Ever the optimist, I am trying apistos again. Gawd, I luv 'em! Got an agassizi pair to add to my lone leftover female; and got a borelli pair (that little girl is the cutest thing I've ever seen)! But I digress . . .

I feed these two tanks (planted, community) a rotation of frozen bloodworms, frozen brine shrimp (with and without spirulina) and NLS flakes.
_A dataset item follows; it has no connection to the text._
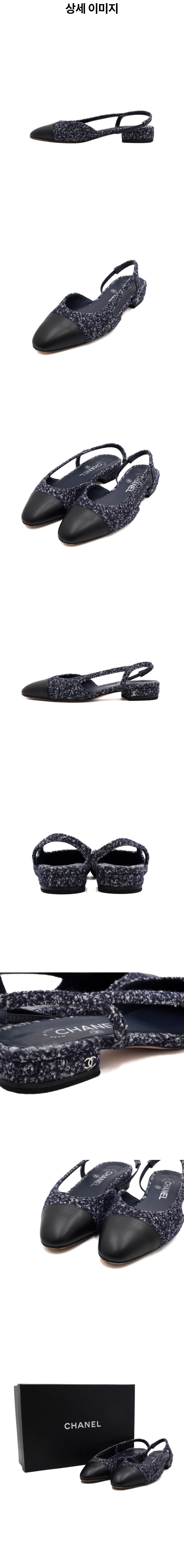샤넬 G31319 네이비 블루 트위드 샤이니 카프스킨 슬링백 은장CC 여성 구두aa60428
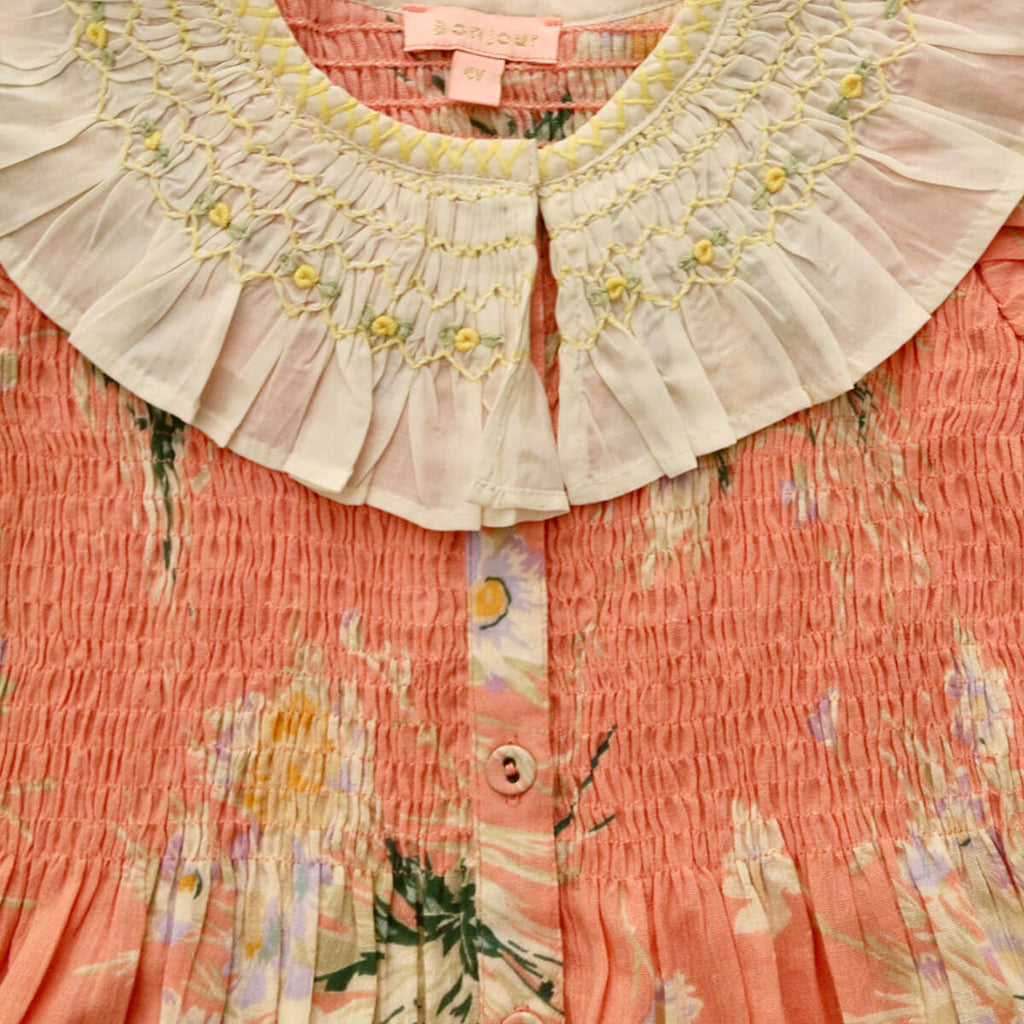 Tunique by Bonjour. One of Bonjour's most loved styles, this pretty short sleeve blouse has an updated statement collar and signature shirring.

Someone just told me that apistos don't handle brine shrimp well and that should be avoided? Is this true?


----------



## Number6 (Mar 13, 2003)

In my personal experience, I lost one or two apistos right after spawning when I used bloodworm or frozen adult brine... this tailed off significantly when I stopped using those foods.

Frozen baby brine was always eagerly devoured without a problem.


----------



## hollyfish2000 (Aug 23, 2007)

Hmmm. The LFS I got them from was feeding blood worms. I've never seen frozen baby brine, but will look. Is there any other frozen that works? Is it that the bloodworms are too rich? Too big?


----------



## Number6 (Mar 13, 2003)

hollyfish2000 said:


> Is it that the bloodworms are too rich? Too big?


undigestible exoskeletons... males especially would try and gorge if they could and one day (not necessarily that day) that male would come down with bloat.


----------



## Dutch Dude (Sep 14, 2006)

Imo problems with apisto's are related with flagellates. When apisto's are kept in a stressfull situation and poor water qualety illnesses like bloat can occure. Apisto's from the average lfs often look ok but when they are introduced in your tank at home troubles often begin. The stress from an other move can make the fish weak and flaggelates become a problem. Often those fish spawn within 2 weeks or so (to keep their genes going) and die afterwards.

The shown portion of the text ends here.